The plan now is more health focused and still includes the no alcohol* thing. Given that the very first day after the end of this month I’m going to be on my way to a tiny caribbean island, where the average high in February is 82+ and the average low is 75ish, I think we might have some time enjoying the beach. Coming from the land of below zero temperatures this winter that is going to feel amazing. I know there will be photos. It seems like I got a little sidetracked thinking about how blissful that will be, because I did. Circling back, with the foresight of knowing that this trip is fast approaching I want to make sure I’m in reasonably good shape. Of course I will carry over in some form my January challenge and continue going to the gym some number of times per week/month. Hopefully I will continue through completion of the onehundredpushups program that I’m kind of sort of doing on my own, with my own little twist. Kind of like when I cook things for the first time, that I’ve never eaten before, and instead of following the recipe to get a baseline I start changing it upfront. Again, I’m off track and rambling.
The main points though are going to be no alcohol* and no unnecessary sugar*. I do think it’s important to say “unnecessary sugar”. If something is branded “no sugar” and is made with sugar substitute then I’m not going to count that. Diet Coke is fine not that I can remember the last time I’ve purposely had one of those (without rum, which I won’t be having this month anyway). My new soda of choice, Zevia, made with stevia is fine also. Fruit? That’s ok too, it’s necessary. Caribou coffee drinks, at the least the ones I usually order, not ok. Creamer for coffee at the gas station is going to have to be of the unflavored variety. Donuts? No. I generally cook dinner most nights of the week and I don’t often use sugar. Lunch is typically leftovers so it shouldn’t be too difficult for me to accomplish this with just a little willpower and elbow grease.

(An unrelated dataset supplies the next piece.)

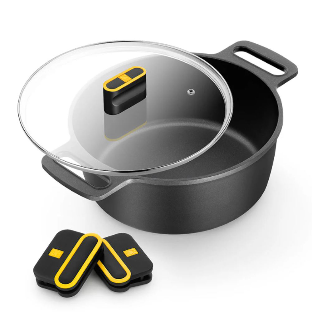 Ultra ellenálló felülettel rendelkezik, a fogantyúk pedig biztonságos és kényelmes fogást biztosítanak. Mind a szilikon fogantyúk, mind az üvegfedél bakelit gombja fekete, sárga részletekkel, amelyek a Daily Pro kollekcióra jellemző elemek.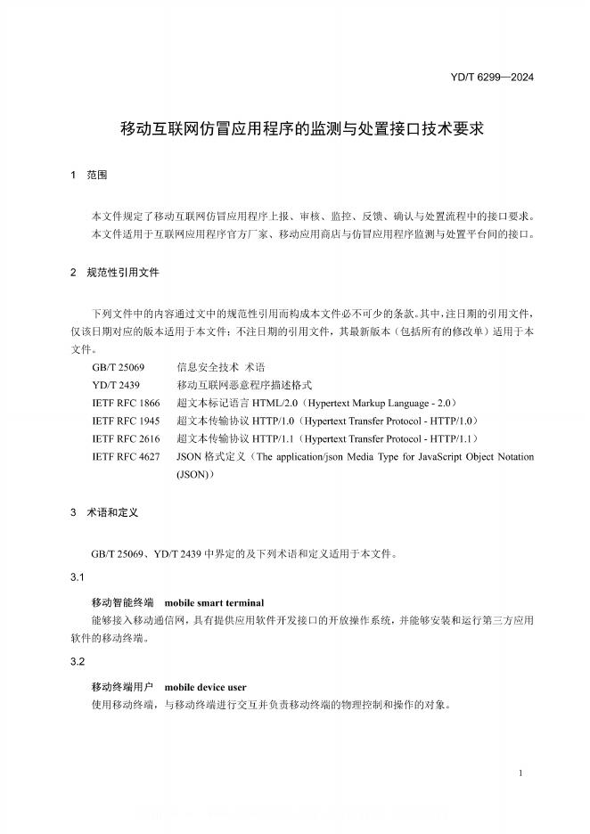 YD/T 6299-2024 移动互联网仿冒应用程序的监测与处置接口技术要求

I wouldn’t be totally shocked if there are some lapses. Some times you just need a drink. Other time you just need a warm, gooey chocolate chip cookie. To try and mitigate this I’m going to force myself to keep an actual physical, written list of each time I violate the challenge and I’ll try to use guilt as the driving force to stay on track. Hopefully just being mindful will be enough to abstain for this 30 (28) day challenge.
*There’s going to be at least one acceptable exception on or around February 15th when we check a restaurant off of our list with Snacks, lil’nipper and Charles.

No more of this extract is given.